Todas las miradas estaban llenas de conmoción e incredulidad mientras observaban a Xiao Yi.

¡Este era el Salón Jishi!

Creado por Liu Rufeng, uno de los tres grandes alquimistas de octavo nivel del Valle del Rey de la Medicina, el Salón Jishi tenía una historia que abarcaba cientos de años y desde hace mucho se había convertido en un símbolo de la Capital de la Medicina. Incluso algunas de las poderosas figuras del Reino Secreto de Longevidad venían aquí para comprar píldoras y cosas similares.

¿Xiao Yi realmente destruyó el letrero centenario así sin más?

Habiendo regresado al interior del Salón Jishi, Ge Ling salió corriendo con el rostro lleno de ira. Mirando el letrero destrozado, los ojos de Ge Ling echaban fuego mientras fulminaba con la mirada a Xiao Yi, con una expresión feroz que parecía lista para devorar a alguien vivo.
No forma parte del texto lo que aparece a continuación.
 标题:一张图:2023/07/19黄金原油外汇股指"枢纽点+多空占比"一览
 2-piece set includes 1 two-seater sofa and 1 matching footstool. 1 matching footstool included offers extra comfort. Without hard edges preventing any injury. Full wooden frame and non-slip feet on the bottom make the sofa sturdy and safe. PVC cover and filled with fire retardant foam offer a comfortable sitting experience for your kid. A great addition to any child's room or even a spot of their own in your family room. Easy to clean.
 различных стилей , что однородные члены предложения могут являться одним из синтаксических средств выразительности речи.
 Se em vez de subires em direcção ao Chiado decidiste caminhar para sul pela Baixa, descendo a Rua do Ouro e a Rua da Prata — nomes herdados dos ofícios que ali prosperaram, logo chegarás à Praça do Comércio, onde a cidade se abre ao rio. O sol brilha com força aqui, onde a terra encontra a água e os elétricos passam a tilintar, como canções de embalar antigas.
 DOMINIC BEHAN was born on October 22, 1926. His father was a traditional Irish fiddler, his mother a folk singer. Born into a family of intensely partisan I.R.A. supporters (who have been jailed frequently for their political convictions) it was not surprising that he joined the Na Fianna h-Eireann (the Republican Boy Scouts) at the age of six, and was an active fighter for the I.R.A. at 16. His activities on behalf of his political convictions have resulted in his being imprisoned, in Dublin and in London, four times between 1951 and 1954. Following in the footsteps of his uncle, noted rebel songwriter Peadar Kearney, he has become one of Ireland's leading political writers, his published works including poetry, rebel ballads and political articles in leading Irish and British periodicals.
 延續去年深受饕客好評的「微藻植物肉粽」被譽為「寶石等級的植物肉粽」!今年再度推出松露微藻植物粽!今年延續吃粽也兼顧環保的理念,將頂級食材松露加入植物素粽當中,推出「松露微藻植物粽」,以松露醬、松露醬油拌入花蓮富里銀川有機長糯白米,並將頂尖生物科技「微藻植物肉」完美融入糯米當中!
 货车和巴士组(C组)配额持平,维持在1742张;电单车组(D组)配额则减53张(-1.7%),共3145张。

—Tú, canalla, ¿quién te dio la osadía para causar problemas en mi Salón Jishi?

Xiao Yi se limpió casualmente la oreja, su rostro indiferente mientras le devolvía la mirada.

—Es solo un letrero. Si quiero romperlo, lo rompo. ¿Qué puedes hacerme?

…

Ge Ling estaba furioso.

Nunca esperó que Xiao Yi fuera tan arrogante incluso después de destrozar su letrero.

Con expresión sombría, le dirigió una mirada a Chen Ze, quien inmediatamente corrió de regreso al interior del Salón Jishi para llamar a gente, mientras Ge Ling continuaba mirando a Xiao Yi con rostro ensombrecido.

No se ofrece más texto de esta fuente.